Speaking on 21 November at the Association of Colleges’ annual conference in Birmingham, the business secretary said that such growth “has happened” but “it hasn’t happened as fast and radically as I’d hoped”.
Universities had withdrawn places they had previously offered through colleges in order to protect their own student numbers, he acknowledged.
Expanding the amount of higher education delivered in colleges in England was one of the aims of the 2011 higher education White Paper, which argued that this would increase competition and diversity in the system.
This academic year, 20,000 undergraduate places - the “margin” created by top-slicing universities’ previous allocation of places - have been distributed to institutions charging less than £7,500 a year. Just over half of the margin places have been given to colleges.
But earlier this year, the government announced that the margin would be reduced to just 5,000 places in 2013-14.

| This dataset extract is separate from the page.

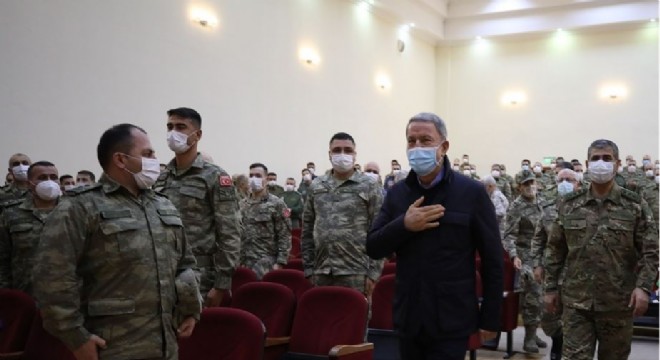 "Azerbaycan'ın Karabağ’daki işgal edilmiş topraklarını kurtararak şanlı bir zaferle sonuçlanan haklı mücadelesine milletçe verdiğimiz desteğimizin önemli katkıları olmuştur. Türkiye, Azerbaycan ve Rusya arasında yapılan mutabakat doğrultusunda bölgede barış, huzur ve istikrarın tesisi için kurulan Ortak Merkez'in faaliyete başlaması için koordinasyonlar devam etmektedir. Türkiye ve Azerbaycan 'iki devlet, tek millet' anlayışı ile kederde ve kıvançta bir ve beraberdir. Türkiye bugüne kadar olduğu gibi bundan sonra da tüm imkânlarıyla Azerbaycanlı kardeşlerimizin yanında olacaktır. Tüm bu faaliyetlerin yanı sıra korona virüs ile mücadelemizi de ilk günden itibaren taviz vermeden sürdürmekteyiz. Korona virüs ile mücadelede dünya orduları içinde en başarılı ordulardan biri olan Türk Silahlı Kuvvetleri, aldığımız etkili tedbirlerle operasyon bölgelerinde, gemilerde, filolarda görev ve sorumluluklarını hiçbir aksaklığa meydan vermeden başarı ile yerine getirmektedir."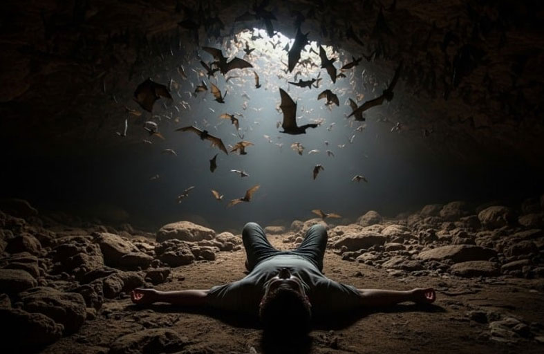 جثة رجل بين الخفافيش

Mr Cable told delegates that the government was “looking afresh at the funding arrangements for core-margin to try to move that [the expansion of higher education in colleges] faster”.
Asked in a subsequent press conference whether this meant that the number of margin places would grow in the future, he declined to give a specific answer.
“It isn’t just a question of the scale of the margin,” Mr Cable said.
Universities had found that “if they expanded [their own] FE college provision it was at their own expense” in terms of places, which was something that “shouldn’t have happened”, he said.
As a result, colleges have reported that their partner universities are withdrawing places in order to take on more students directly.
About half of colleges’ higher education places are directly funded by the Higher Education Funding Council for England, so cannot be withdrawn in this way.
However, these colleges still require a university to validate their programmes, and there are fears that universities will be more reluctant to do so in case this dilutes the “brand” of their degree.